• _To do_: Your answer must be the lines from the start of the records through the line with "The Member of", exactly as written, without the pictures.

(Beginning of Material to process)

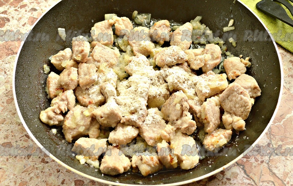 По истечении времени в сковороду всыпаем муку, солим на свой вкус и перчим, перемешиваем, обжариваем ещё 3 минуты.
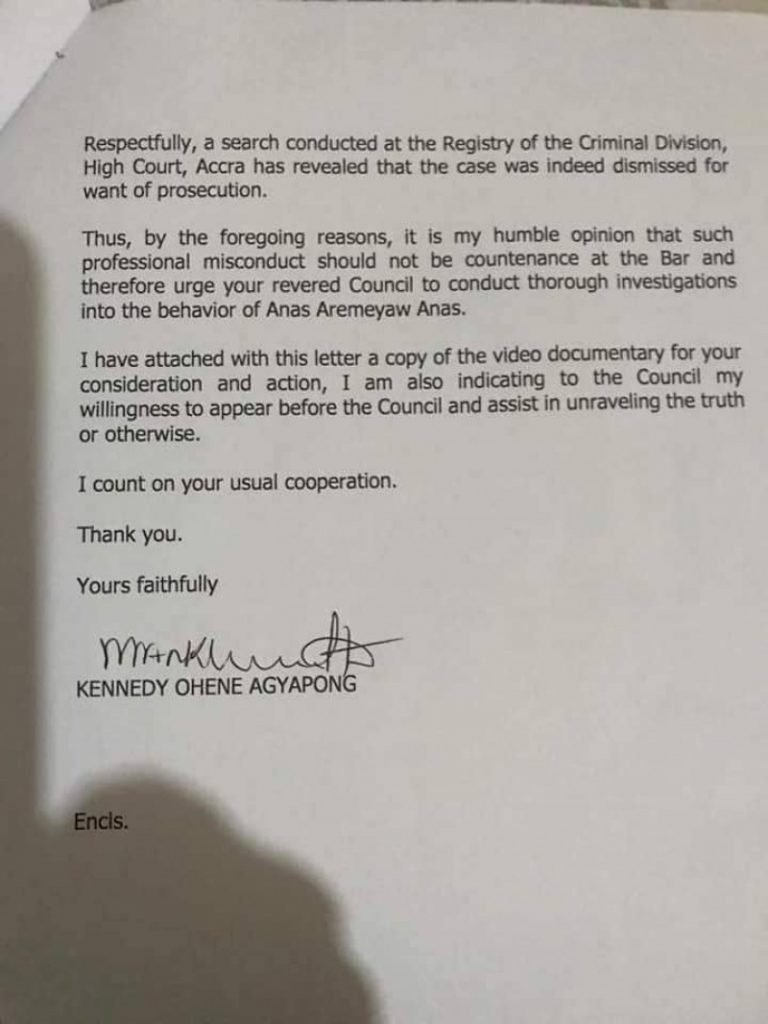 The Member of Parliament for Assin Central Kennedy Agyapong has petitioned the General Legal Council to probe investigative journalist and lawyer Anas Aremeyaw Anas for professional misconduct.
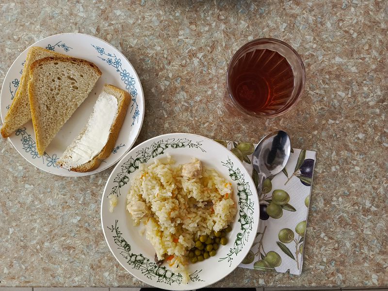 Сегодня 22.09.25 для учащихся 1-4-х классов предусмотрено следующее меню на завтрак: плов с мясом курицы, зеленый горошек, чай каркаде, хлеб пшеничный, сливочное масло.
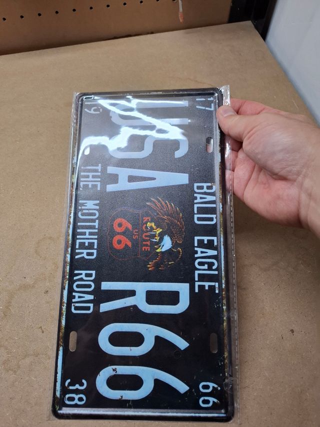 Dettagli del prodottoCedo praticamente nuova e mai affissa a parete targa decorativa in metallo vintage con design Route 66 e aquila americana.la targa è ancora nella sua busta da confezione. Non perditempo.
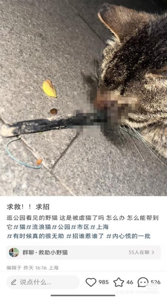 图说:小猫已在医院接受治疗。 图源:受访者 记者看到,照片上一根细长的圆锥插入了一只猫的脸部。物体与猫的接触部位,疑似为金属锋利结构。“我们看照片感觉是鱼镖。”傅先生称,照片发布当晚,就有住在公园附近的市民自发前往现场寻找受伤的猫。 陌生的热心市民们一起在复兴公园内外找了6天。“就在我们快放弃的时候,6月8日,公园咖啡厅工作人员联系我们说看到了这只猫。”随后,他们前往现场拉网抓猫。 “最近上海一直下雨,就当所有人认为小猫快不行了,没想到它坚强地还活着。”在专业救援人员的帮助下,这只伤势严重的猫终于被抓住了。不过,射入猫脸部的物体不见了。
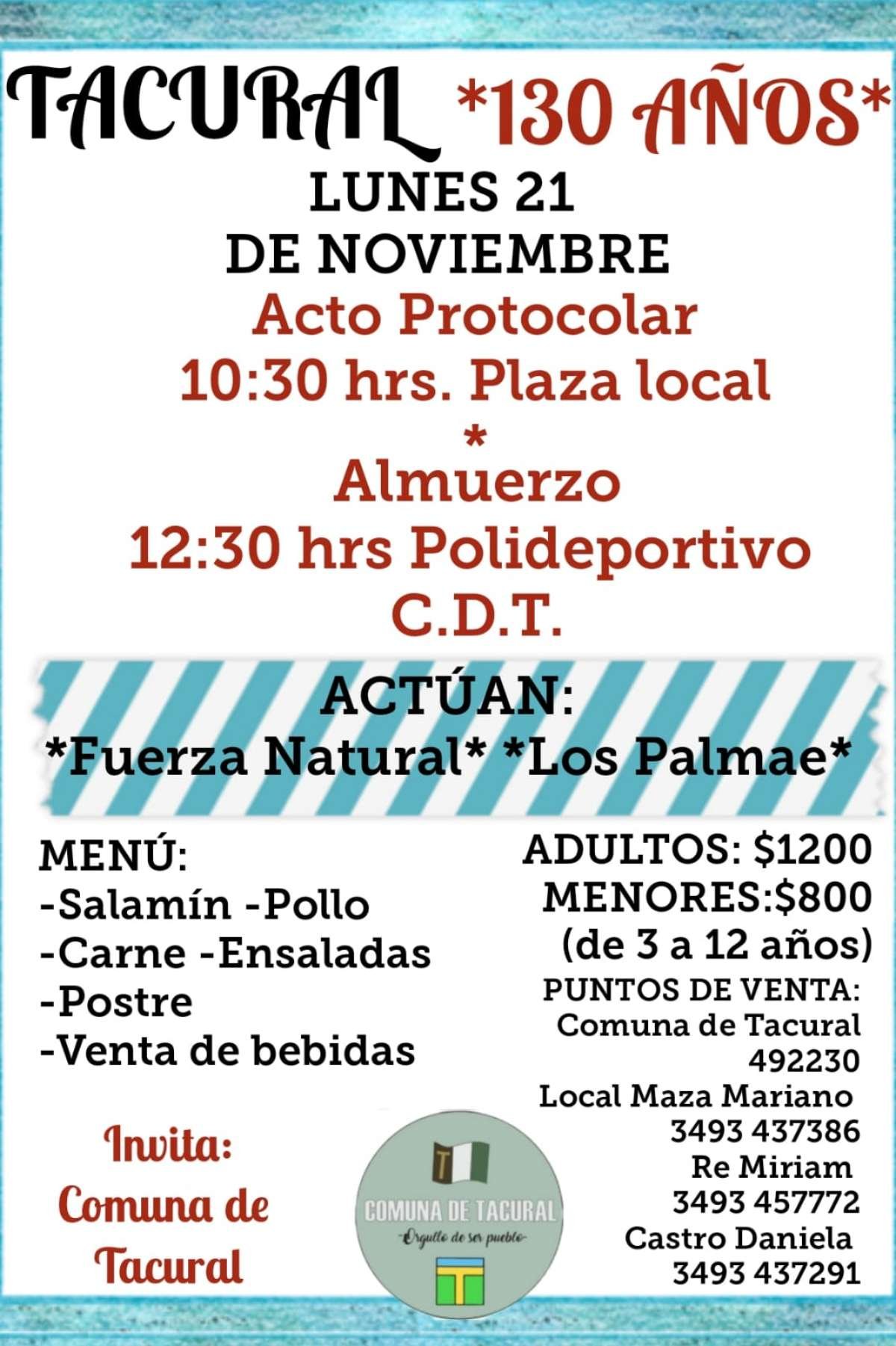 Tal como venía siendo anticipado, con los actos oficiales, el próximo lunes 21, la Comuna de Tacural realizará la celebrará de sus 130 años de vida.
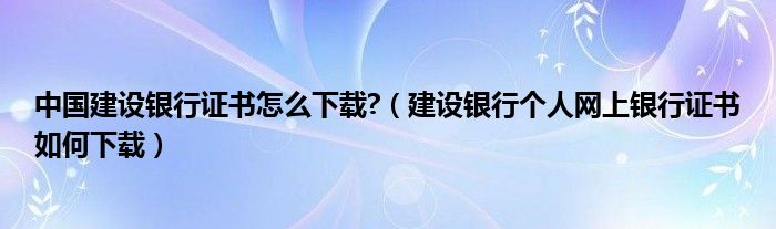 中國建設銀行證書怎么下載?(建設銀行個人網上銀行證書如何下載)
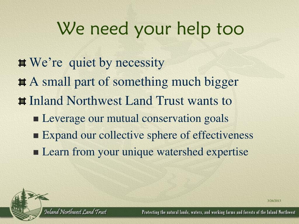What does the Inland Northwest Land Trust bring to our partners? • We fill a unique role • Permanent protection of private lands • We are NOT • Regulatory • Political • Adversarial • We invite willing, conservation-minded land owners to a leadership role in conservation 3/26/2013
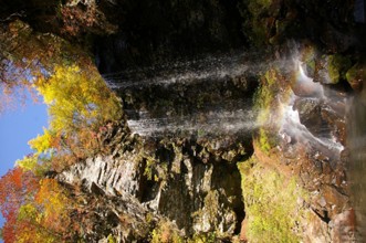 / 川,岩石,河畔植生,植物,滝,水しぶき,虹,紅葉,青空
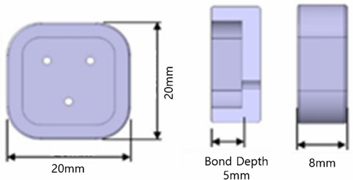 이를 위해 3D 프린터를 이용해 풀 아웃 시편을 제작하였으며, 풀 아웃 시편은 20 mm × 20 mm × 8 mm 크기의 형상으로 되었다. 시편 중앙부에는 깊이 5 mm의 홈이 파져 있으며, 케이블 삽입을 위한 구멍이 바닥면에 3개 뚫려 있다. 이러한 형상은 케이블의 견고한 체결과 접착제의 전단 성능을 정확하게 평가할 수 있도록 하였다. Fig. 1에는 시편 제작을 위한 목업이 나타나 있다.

(End of Material to process)

• _Your response_:
 По истечении времени в сковороду всыпаем муку, солим на свой вкус и перчим, перемешиваем, обжариваем ещё 3 минуты.
 The Member of Parliament for Assin Central Kennedy Agyapong has petitioned the General Legal Council to probe investigative journalist and lawyer Anas Aremeyaw Anas for professional misconduct.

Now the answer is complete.